После развода Мария Николаевна поступила учиться на Высшие женские курсы в Киеве, а Сережу отвезла к дедушке и бабушке в Нежин. Там он и рос: в окружении взрослых, но в детском одиночестве. Игры с самим собой, книги, рисунки… Читать научился рано, писать буквы и слова — тоже, мог складывать простые числа и придумывать веселые рассказы про зверей.
Бабушка, хотя и не чаяла в нем души, но держала в строгости: этого нельзя, туда не ходи, у колодца не крутись, на улицу — ни-ни. А улица и сверстники жили своей жизнью, в чем-то загадочной, веселой, шумной, ребячьи игры, состязания и раздоры он видел через щели в заборе, завидовал свободе сверстников, но ослушаться и переступить границу дозволенного не решался.
Дед был занят своими делами. Вечерами в доме частенько собирались гости, их разговоры о ценах на рынке, видах на урожай, городских новостях и прочих событиях местного масштаба были, как ему казалось, скучны и однообразны. Все изменялось, когда приезжала мать. С ней он проводил все время, делился сомнениями и секретами, засыпал ее вопросами и грустил, когда приближался час расставания.

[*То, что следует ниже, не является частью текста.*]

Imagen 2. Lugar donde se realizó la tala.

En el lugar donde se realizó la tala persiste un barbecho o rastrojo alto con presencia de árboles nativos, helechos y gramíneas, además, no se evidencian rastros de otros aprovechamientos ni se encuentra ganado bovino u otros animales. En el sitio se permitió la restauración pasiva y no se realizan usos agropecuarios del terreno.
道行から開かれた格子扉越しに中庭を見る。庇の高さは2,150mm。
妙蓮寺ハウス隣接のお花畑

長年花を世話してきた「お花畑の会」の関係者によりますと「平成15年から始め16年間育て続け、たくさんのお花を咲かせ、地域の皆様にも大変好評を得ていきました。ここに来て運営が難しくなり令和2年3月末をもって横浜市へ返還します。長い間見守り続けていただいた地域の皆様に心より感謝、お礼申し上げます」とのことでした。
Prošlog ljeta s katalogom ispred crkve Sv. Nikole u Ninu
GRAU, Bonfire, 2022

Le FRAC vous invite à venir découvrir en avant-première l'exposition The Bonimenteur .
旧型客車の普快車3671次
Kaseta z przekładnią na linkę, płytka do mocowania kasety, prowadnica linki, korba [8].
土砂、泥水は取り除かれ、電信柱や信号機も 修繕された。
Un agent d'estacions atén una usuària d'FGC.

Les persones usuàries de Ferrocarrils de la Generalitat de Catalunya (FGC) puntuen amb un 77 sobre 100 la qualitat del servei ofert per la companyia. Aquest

Однажды в эту скучную, тягучую и тягостную для мальчишки размеренность вдруг ворвалось то, что потрясло его своей необычностью, непонятностью и удивительностью. Он увидел то, о чем никогда не слышал ранее, что не могло родиться в его воображении. И хотя этому «вдруг» предшествовали разговоры взрослых, упоминания о неком Уточкине, который летает на самолетах, о предстоящем зрелище на ярмарочной площади, Сережа никак не мог понять, что же это за событие, которое породило столько волнений и трепетных ожиданий не только в их доме, но и во всем городе.

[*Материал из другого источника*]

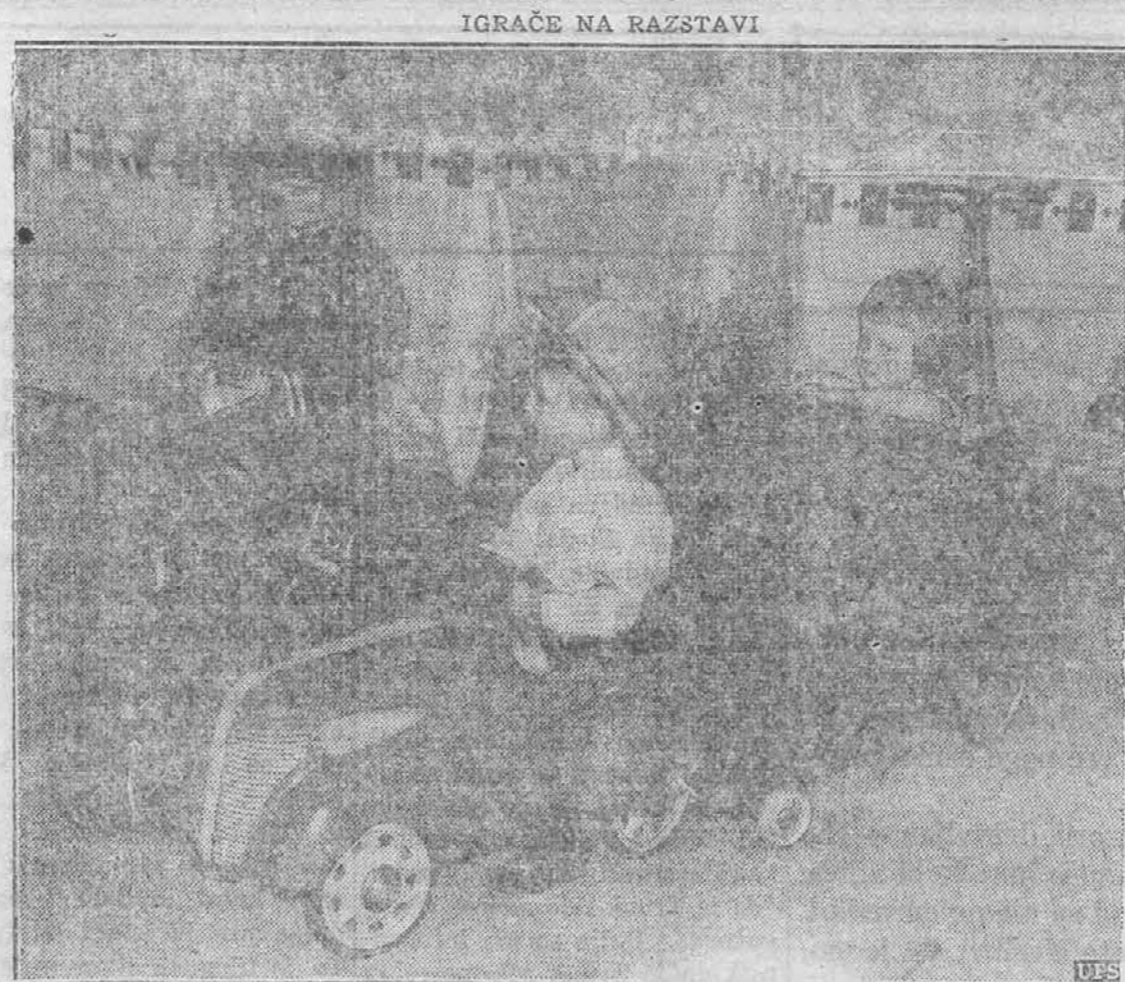
V New Yorku so tovarne za izdelovanje otroških igrar pridobile posebno razstavo svojih produktov, kjer je bila vzeta tudi gornja slika, ki kaže vozilo, izdelano v modernem stilu.

Madrid, Španija. — Zadnje nedeljo se je v tem mestu proslavljala obletnica, odkar se ustavlja napadom nacionalistov. Po naključju je isti dan sovjetska Rusija praznovala 20 letnico boljševskega režima in španska vlada je poslala čestitke v Moskvo ter je istočasno prekrstila neko ulico v "Cesto sovjetske unije."
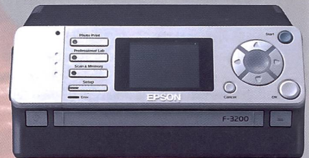
Epson Filmscanner F-3200, Multiformat und für Stapelscans.

Die erste digitale Messsucherkamera Epson R-D1 , entwickelt in Zusammenarbeit mit Cosina, ist mit einem 6-Mpix-Sensor ausgestattet und kann mit nahezu allen Objektiven mit Leica M-
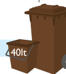
bidone marrone o bidoncino monofamigliare

NO Pannolini e assorbenti, carta per confezioni alimentari, deiezioni animali, sfalci e potature, mozziconi di sigarette, sacchetti di plastica.
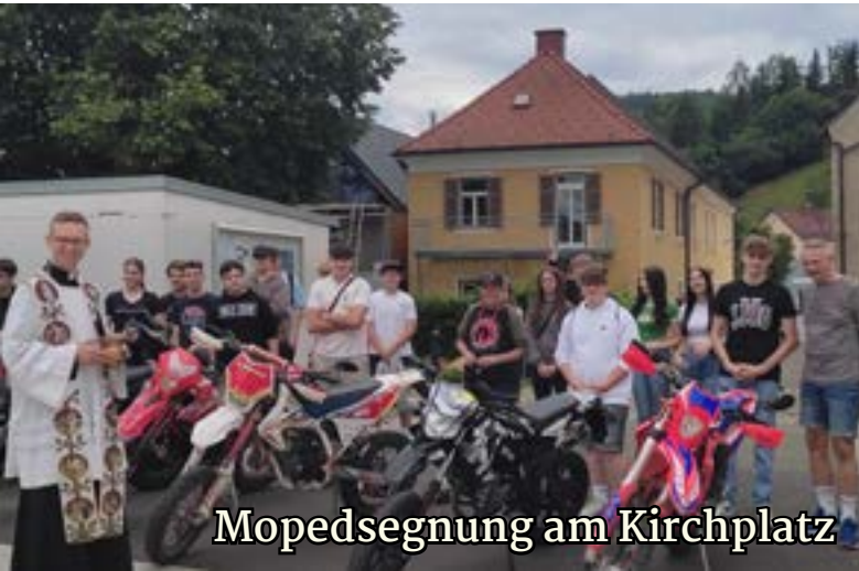
Mopedsegnung am Kirchplatz
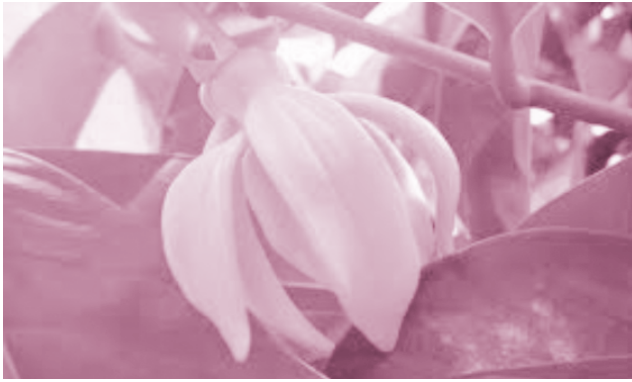
ดอกกระดังงา

ก่อนอื่นขอกล่าวถึงที่มาสักเล็กน้อยว่า คนไทยในอดีตเชื่อว่า ต้นไม้และดอกไม้บางประเภทที่ได้ชื่อว่าต้นไม้มงคลและดอกไม้มงคลนั้นมีพลังพิเศษบางอย่างที่สามารถทำให้ผู้ปลูกหรือผู้คนที่อาศัยอยู่ด้วยมีความเจริญรุ่งเรืองในชีวิต ดังตัวอย่างเช่น ดอกบัวซึ่งเป็นดอกไม้มงคลในทางพุทธศาสนา กระดังงาและบานไม่รู้โรยซึ่งเป็นดอกไม้มงคลนาม พิกุลซึ่งเชื่อกันมาแต่โบราณกาลว่าเป็นต้นไม้ศักดิ์สิทธิ์
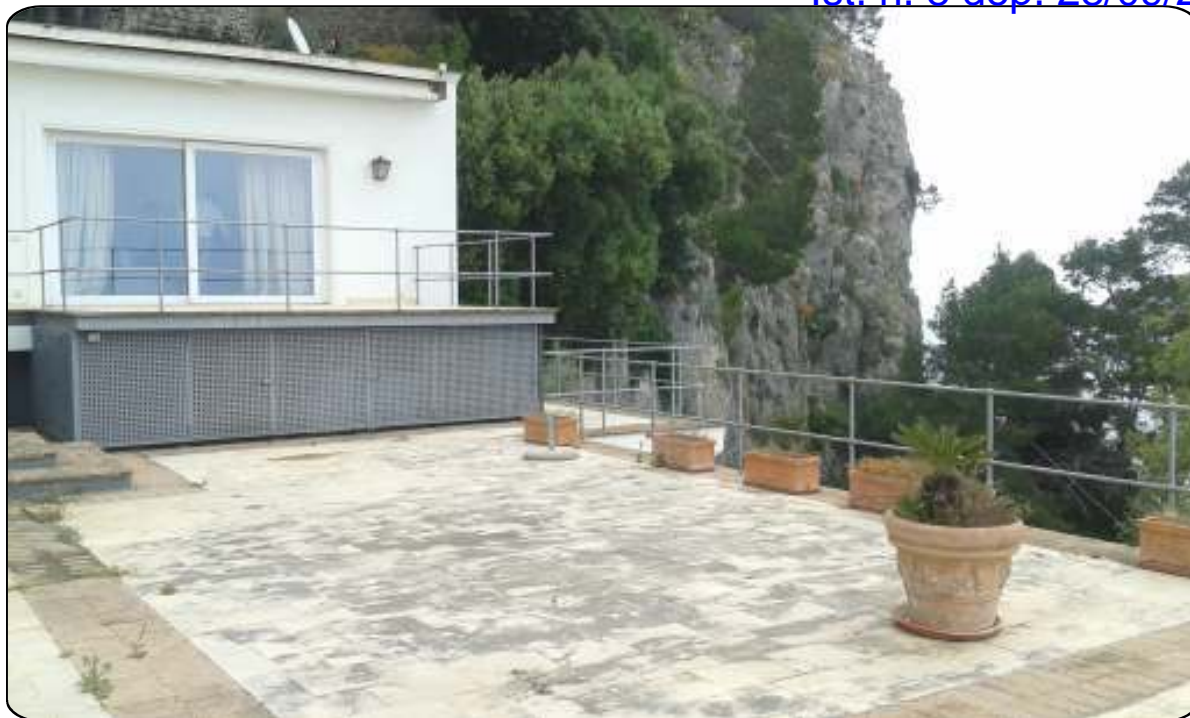
Foto 11- vista terrazzo

Потом в детскую душу закралась тревога: все уйдут смотреть Уточкина и летающее «чудо», а его, Сергея, не возьмут, запрут в доме и заставят выбирать из блюда, полного белых блестящих фасолин, черные и мелкие. Он старался быть послушным, не прятался в бабушкиных георгинах, аккуратно складывал рубашку перед сном и без напоминания мыл руки. Он ждал особого дня. И этот день пришел.

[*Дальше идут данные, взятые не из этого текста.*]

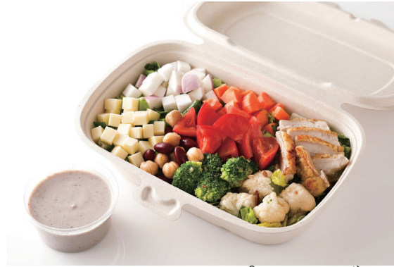
SATSUKIチョップドサラダ (クリーミーナッツ) SATSUKI Chopped Salad (Creamy nuts) ¥ 2,400
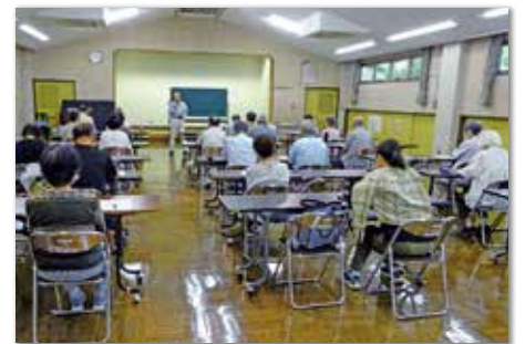
行田の自然と歴史
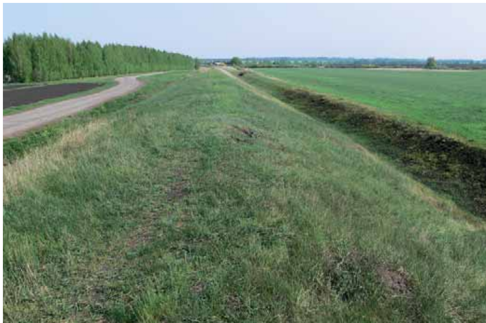
Усманский вал у Девицкого леса

На валу между р. Усмань и р. Боровица изначально находилось 5 стоялых острожков: Красный, Карачунский, Демшинский, Излегощинский и Боровской. Позже были построены: Казачий, Прогорелый, Высокий, Черкасский и Глухой.
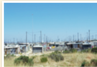
バラック小屋が立ち並ぶタウンシップ
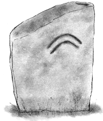
Şekil 6: Çavuldur Boyu mezar taşı
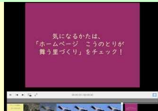
音声の説明を入れたり
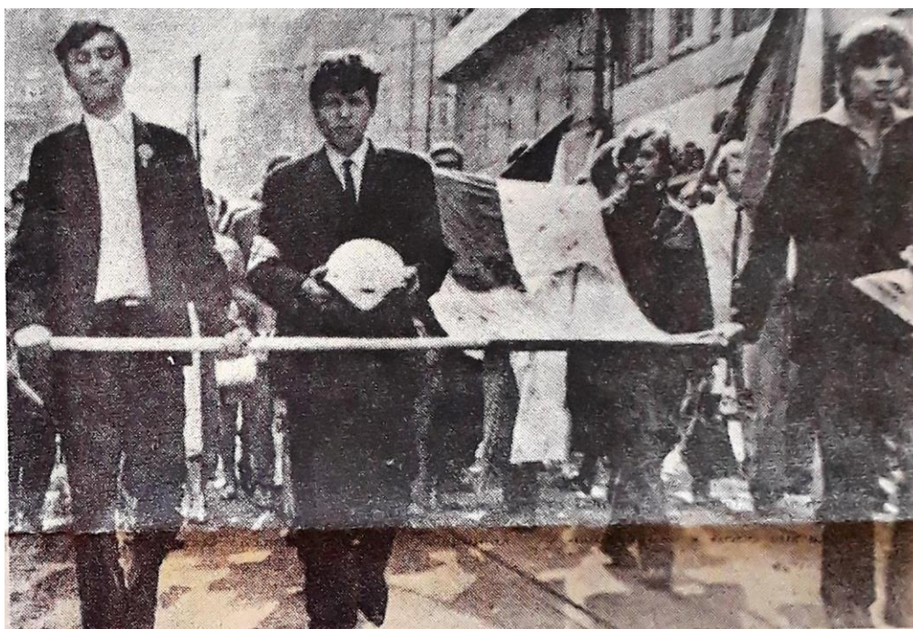
Vídeňské svobodné listy, č. 35/36, 30. 8. 1968, s. 3.

…Он выдался ясным и солнечным. Юркие ласточки носились в голубом небе с сумасшедшим визгом. Сережа проснулся рано. Повернулся на спину и увидел, как желтые дрожащие блики играют на потолке. Казалось, что они, верша свою затейливую игру, как бы поднимают потолок вверх, все выше и выше. «А если улетит крыша?» — вдруг кольнула мысль.
Сережа встал, подошел к окну. Над деревьями простиралась бездонная голубизна с застывшими белыми облаками. Небо словно окаменело, неподвижное и равнодушное, завороженное странным своим спокойствием. На сердце у шестилетнего Сережи было тревожно: возьмут или не возьмут?
После полудня город пришел в движение. Пестрый людской поток, шумный и возбужденный, тек по пыльным улицам, по Киевской и Синявской, огибал артсклады, женский монастырь и выплескивался на площадь Всеедной ярмарки. Сережа вышагивал рядом с дедом и бабушкой, которые торопились, как и все, желая увидеть необычное представление.